In every manuscript I have edited, and there have been 100s, I have learned things. Sometimes, I figure out a new way to help clients in how I write my evaluation memos to them. Sometimes, I make a comment to one client that I realize is the exact thing I need to tell another client. Sometimes, especially with non-fiction, I learn something about myself, which at the end of the day, makes me a better person, and thus, hopefully, a better editor.

Maryann Miller
Website | FB | Tw
Maryann Miller - In the years I have been editing, I have learned so much about what makes a better story, and I have been able to apply that to my own work. More and more I have been able to edit as I write, spotting a weak sentence and fixing it if the fix comes to me quickly. The professional editors I have worked with have told me they noticed an improvement over the years, making their job a little easier.

Elle Carter Neal
Website | FB | Tw
Elle Carter Neal - Humility. It can be tempting to feel superior when you’re pouncing on someone else’s mistakes, but we all make them. And it’s all too easy to dismiss someone’s idea because you would have done it differently. I remind myself constantly that it’s not my book.

Linda Lane
Website | Denver Editor | FB
Linda Lane - All writers have a story to tell, be it fiction or nonfiction. Challenging the work challenges the writer and can create an adversarial relationship that negatively affects the quality of the story. Collaboration within a team-based arrangement, on the other hand, often takes an ordinary work to extraordinary heights and has resulted in ongoing friendships with writers I’ve never met face to face. Bottom line: the work is not mine; I’m the hired help who brings the polishing cloth to make it shine.

A Writer’s Takeaway

If your editor doesn't work to grow as an editor, then you probably have the wrong editor for you. Editors learn through the same avenues as writers, and they also learn through the practice of editing.
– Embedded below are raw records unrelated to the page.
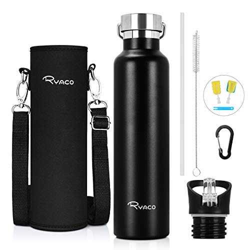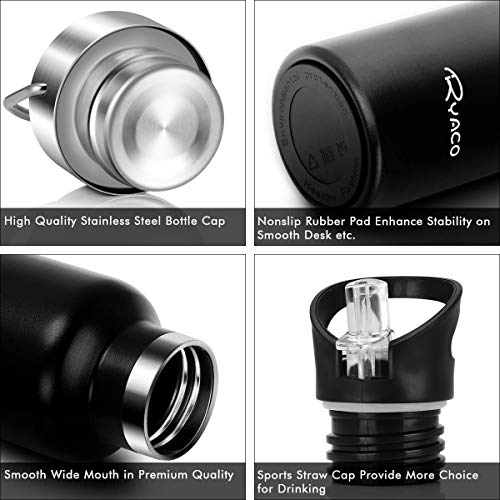 Ryaco Botella de Agua aislada al vacío de Acero Inoxidable, 750ml, diseño de Pared Doble para Mantener Sus Bebidas Caliente y Fría, Sin BPA, Ideal Botella de Agua Deportiva (1000ml, Negro)
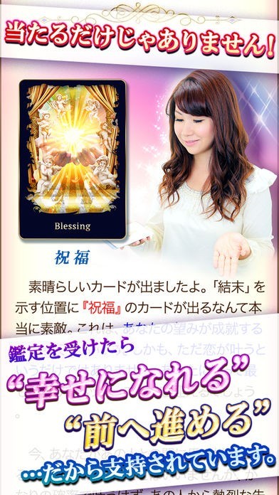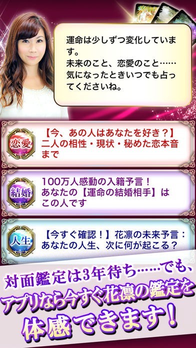 「超的中に100万人涙!花凛のタロット占い」は、超人気占い師である花凛のタロット占いがスマホで手軽に体験できる、便利な占いアプリです!気になる人との運勢から自分の未来予想まで、幅広く占う事が可能です!
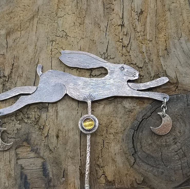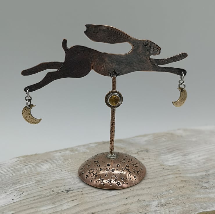 Made from copper sheet and wire with gilding metal for the moons. This little hare is hand pierced with my jewellers saw and carefully soldered onto a base I have made. Prior to soldering, detail has been added by hand engraving, metal stamping/hammering. Oxidised finish and set with a lovely citrine gemstone.
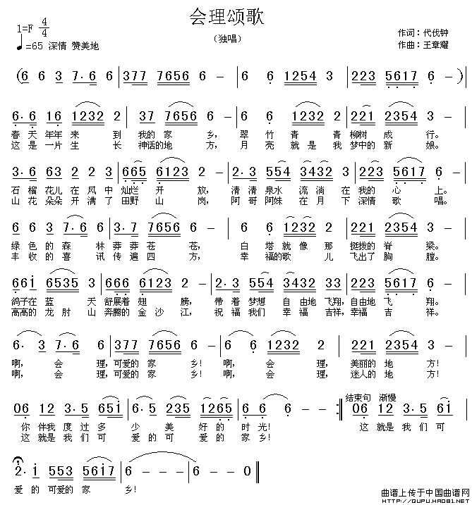 关于《会理颂歌》曲谱的评论
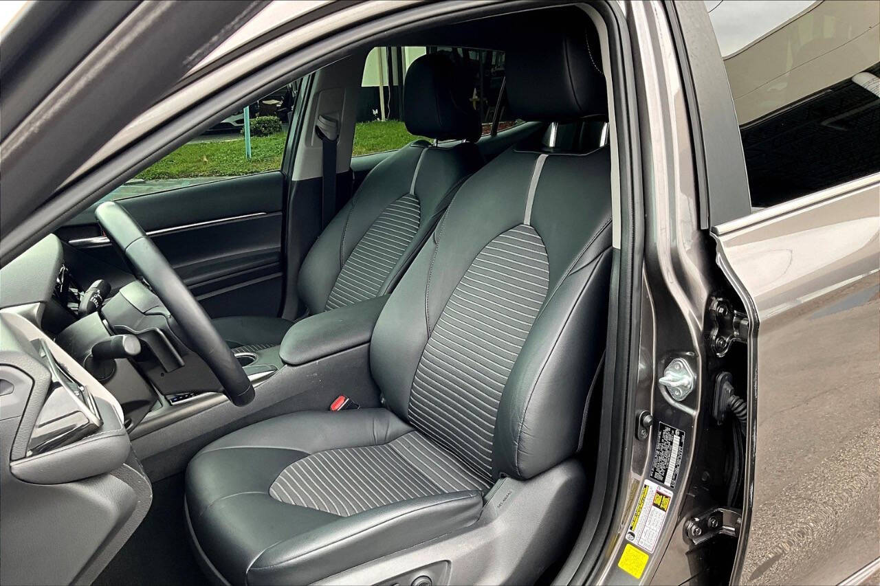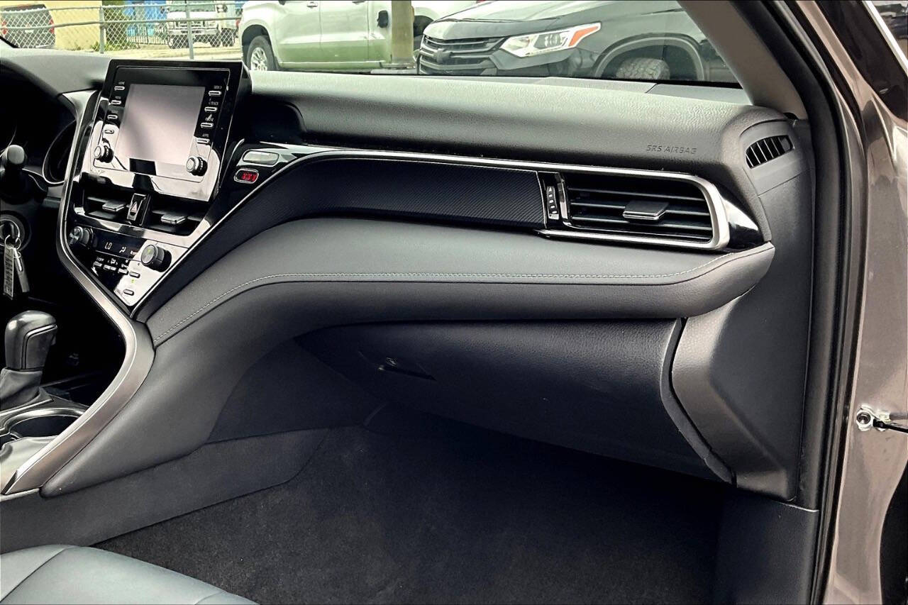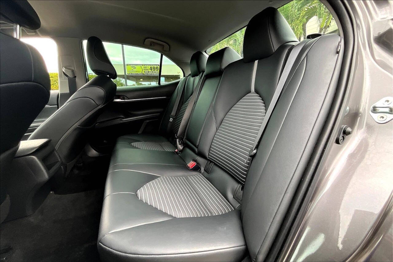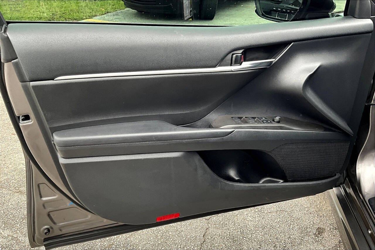 2021 Toyota Camry SE Sporty, Reliable, and Efficient The SE trim (Sport Edition) of the 2021 Camry adds an athletic touch to one of the most reliable sedans on the market. It's a midsize sedan that balances performance, style, and practicality, perfect for daily commutes or longer road trips. Performance & Efficiency Engine: 2.5L 4-cylinder DOHC 16-valve with Dual VVT-i Horsepower: 203 hp @ 6,600 rpm Torque: 184 lb-ft @ 5,000 rpm Transmission: 8-speed automatic with paddle shifters (SE-specific) Drivetrain: Front-Wheel Drive (AWD optional in some versions) Fuel Economy (EPA est.): FWD: 28 MPG city / 39 MPG highway AWD: 25 MPG city / 34 MPG highway Interior & Comfort Features Seating: Sport SofTex-trimmed front seats (power-adjustable drivers seat) Infotainment: 7-inch touchscreen (upgradeable to 9-inch) Apple CarPlay, Android Auto, and Amazon Alexa 6-speaker audio system Climate Control: Single-zone automatic Rear Seats: 60/40 split fold-down for extended cargo space Safety & Driver Assistance Standard Toyota Safety Sense 2.5 includes: Pre-Collision System with Pedestrian Detection Lane Departure Alert with Steering Assist Full-Speed Dynamic Radar Cruise Control Automatic High Beams Lane Tracing Assist Road Sign Assist Rearview camera Optional Blind Spot Monitor with Rear Cross-Traffic Alert Exterior Highlights Wheels: 18-inch black machined-finish alloy wheels Grille: Sport mesh front grille with gloss-black trim Lighting: LED headlights with LED DRLs and taillights Body Kit: Sport-style side rocker panels and rear spoiler Exhaust: Single exhaust with dual chrome tips Cargo & Utility Trunk Space: 15.1 cubic feet Fuel Tank Capacity: 15.8 gallons Towing Capacity: Not rated for towing Why Choose the 2021 Camry SE? A sportier drive and appearance than the base LE, without going into full XSE price range. Comes standard with advanced safety tech, great gas mileage, and Toyotas legendary reliability. Practical for families or solo commuters seeking a sharp-looking car with performance and comfort.

Everything about writing, to include editing, is about learning and bettering. If you ask a potential editor the first seven questions of this series, and you feel a good rapport with her, that's great. If you then ask a question similar to the one presented in this post, and the editor doesn't seem to be a lifelong learner of her craft, nor does she have lessons learned through her work as an editor, you might question how fresh her knowledge and understanding is of today's writing world.

We at BRP thank you for checking out this series, and if you enjoyed it, please consider sharing the following link to the full series:


  1. This has been such a great series, Shon! Not only have I learned more about you, my fellow editors, but I have explored my own reasons for editing and the ways my work has helped me become a better editor with each successive job. That work has also helped me to spot areas in my own writing that need a tweak or an outright rewrite. Thank you for the opportunity to get to know all of you better and to learn from you. Thank you for providing us with the chance to explain the many hats an editor wears from the initial contact with the writer until the finished product is ready for the next step in the publication process.

    1. Thank YOU for taking part in this series, Linda! I SO enjoyed learning about you all's process to editing!

  2. As a writer, my self-editing process has taught me that I learn each lesson well, but manage to make new mistakes with the next manuscript. Luckily, I've had an editor who's always on high alert!

  3. Coincidentally as this series ran this month, I was also editing a second book for a client that came back to me because she liked the way we worked as a team to make her first book better. I think that team approach is so important, having mutual respect on both sides.

    As I got to know some of my friends here via their responses to the questions, I realized one of the things that makes BRP such a valuable took, and a great place to work, so to speak, is the mutual respect we have for each other.

    Thanks so much, Shon for all the time and effort you put into making this series happen.

    1. You are so very welcome, Maryann. And you know, I had a similar experience during this series' run. A small press I work for expressed how much they value the work I do, and I think we sometimes forget the value we have when were are hunkered down in the work.